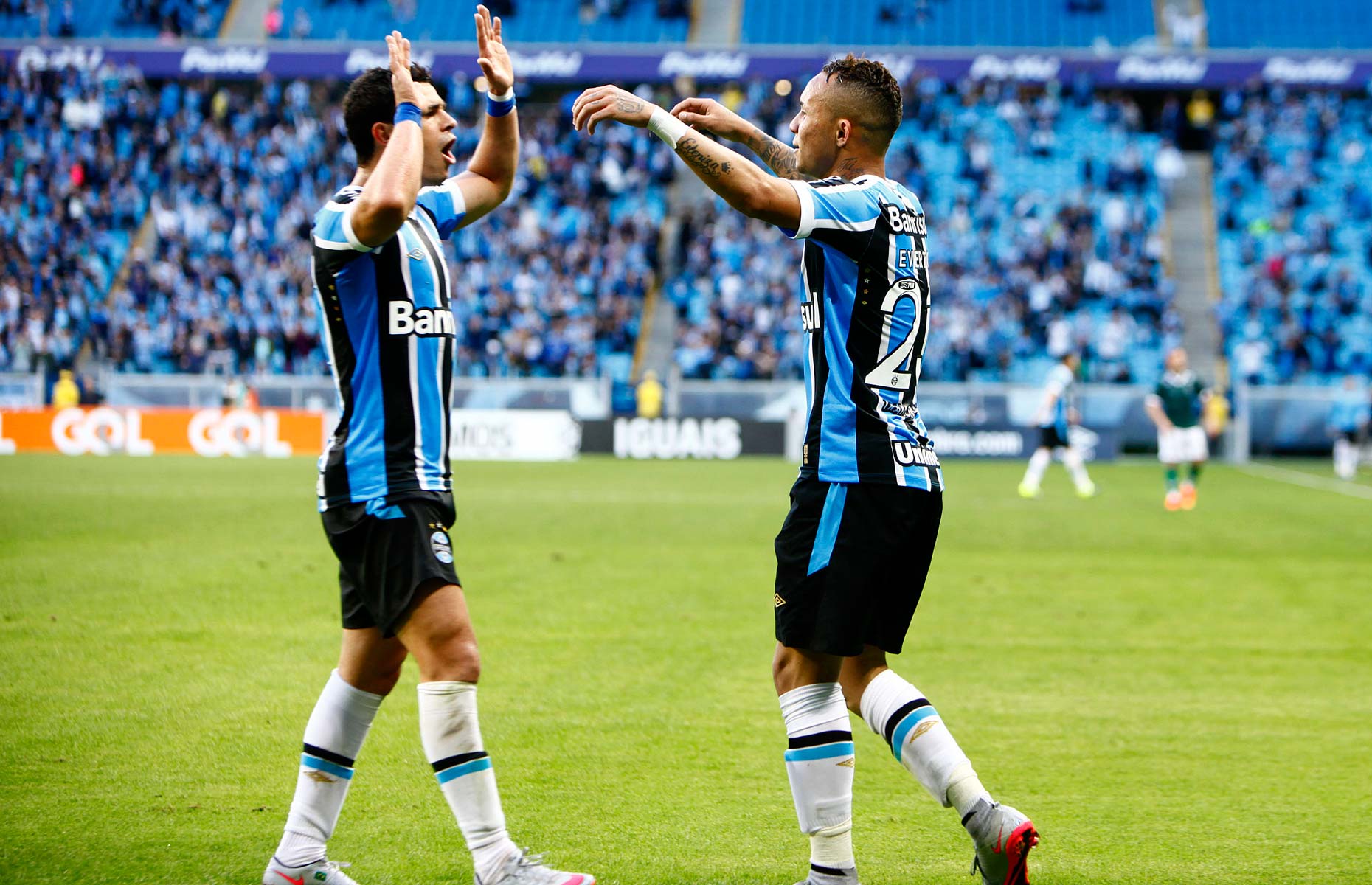 O Grêmio seguia melhor. Douglas, por exemplo, quase decretou a virada, mas Renan, em defesaça, impediu outro gol do camisa 10 tricolor. Já Giuliano, por preciosismo, desperdiçou ótima chance. A tensão foi aumentado dentro de campo e entre os gremistas nas arquibancadas da Arena. O Goiás, sempre que possível, buscava o ataque. Mas faltou tranquilidade nas raras investidas. Eis que Everton, aos 37, garantiu o triunfo gremista. Contra-ataque, passe de Mamute e finalização de uma das novidades gremistas do dia. O Grêmio sofreu – com Tiago garantiu a vitória pouco após o gol de Everton –, mas venceu o valente Goiás e segue muito forte em busca do líder Corinthians. O duelo de quarta promete!.
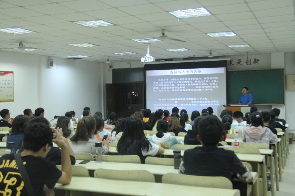 主讲老师为王波老师。王波老师首先介绍了这两大专业的背景。他强调,食品科学与工程专业与农产品质量加工与检测专业是“朝阳专业”,非常有前景。他说,食品行业关系到国计民生,是国民经济的支柱产业,也有利于解决“三农”问题。在介绍食品工业现状的同时,他也给同学们提出了国内食品工业的不足与差距——食品工业结构不合理,农产品加工程度、商品化程度低综合利用差等,并就“非洲猪瘟”向大家说明了国内不完善的食品安全体系。他指出,这两个专业学习的任务就是“提高人民的健康水平,保证群众的食品安全”。接着,王波老师就专业的就业形势进行分析——主要就业岗位、毕业生去向、行业分布、工作地点以及平均月薪。王波老师最后强调,作为牡丹学院的学子,应该在思想、心理、学习上都做好积极的准备。大学很多的时间可以自由支配,应与自己的专业老师多沟通,学扎实基础,找到自己的定位与爱好,对未来会有很大的帮助。
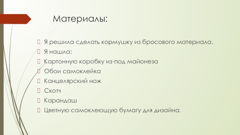 Материалы:Я решила сделать кормушку из бросового материала.Я нашла:Картонную коробку из-под майонеза Обои самоклейкаКанцелярский ножСкотч КарандашЦветную самоклеющую бумагу
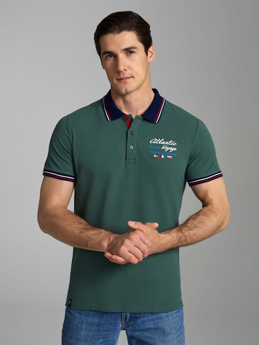 Футболка-поло из хлопкового полотна "пике". Классическая модель поло с короткими рукавами. Воротник и манжеты рукава выполнены из трикотажной рибаны темно-синего цвета с красно-белой полосой. На полочке застежка-планка на пуговицах. На нижней планке и по горловине настрочена контрастная киперная тесьма. На полочке вышивка "Atlantic Sailing Voyage" и флаги. По низу футболки в боковых швах выполнены разрезы, обработанные тесьмой. С правой стороны полочки, по низу настрочен жаккардовый "флажок" с логотипом.

Exercise brief: Output each line of the listing above, word for word, from the one holding "Материалы:Я решила сделать" through the last line, both included; omit the pictures.

Response area:
 Материалы:Я решила сделать кормушку из бросового материала.Я нашла:Картонную коробку из-под майонеза Обои самоклейкаКанцелярский ножСкотч КарандашЦветную самоклеющую бумагу
 Футболка-поло из хлопкового полотна "пике". Классическая модель поло с короткими рукавами. Воротник и манжеты рукава выполнены из трикотажной рибаны темно-синего цвета с красно-белой полосой. На полочке застежка-планка на пуговицах. На нижней планке и по горловине настрочена контрастная киперная тесьма. На полочке вышивка "Atlantic Sailing Voyage" и флаги. По низу футболки в боковых швах выполнены разрезы, обработанные тесьмой. С правой стороны полочки, по низу настрочен жаккардовый "флажок" с логотипом.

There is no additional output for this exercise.